Exercise -
Give the data below again exactly as written, without its pictures.
*** Opening of Dataset extract ***
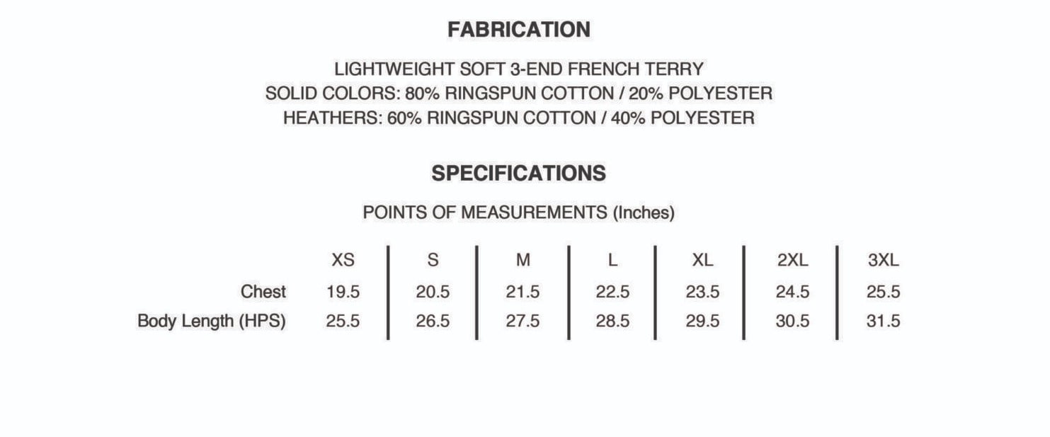 French Terry Raglan 80% Cotton & 20% Polyester: XS-XL $38 & 2X-3X $41.
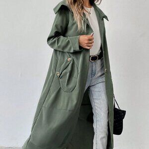 Army Green Casual Women's Solid Color Double Pocket Long Jacket
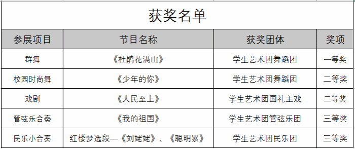 近日,由天津市教委主办的2020年天津市学校美育实践课堂——天津市学校文艺展演比赛正式落下了帷幕。beat365学生艺术团在本次文艺展演中取得了优异成绩,共荣获一等奖一项、二等奖两项、三等奖两项。其中,学生艺术团舞蹈团群舞节目《杜鹃花满山》荣获大学组一等奖;舞蹈团校园时尚舞蹈节目《少年的你》、国礼主戏戏剧节目《人民至上》荣获大学组二等奖;管弦乐团管弦乐合奏《我的祖国》和民乐团民乐小合奏《刘姥姥》《聪明累》荣获大学组三等奖。
*** Close of Dataset extract ***
Solution for this problem -
 French Terry Raglan 80% Cotton & 20% Polyester: XS-XL $38 & 2X-3X $41.
 Army Green Casual Women's Solid Color Double Pocket Long Jacket
 近日,由天津市教委主办的2020年天津市学校美育实践课堂——天津市学校文艺展演比赛正式落下了帷幕。beat365学生艺术团在本次文艺展演中取得了优异成绩,共荣获一等奖一项、二等奖两项、三等奖两项。其中,学生艺术团舞蹈团群舞节目《杜鹃花满山》荣获大学组一等奖;舞蹈团校园时尚舞蹈节目《少年的你》、国礼主戏戏剧节目《人民至上》荣获大学组二等奖;管弦乐团管弦乐合奏《我的祖国》和民乐团民乐小合奏《刘姥姥》《聪明累》荣获大学组三等奖。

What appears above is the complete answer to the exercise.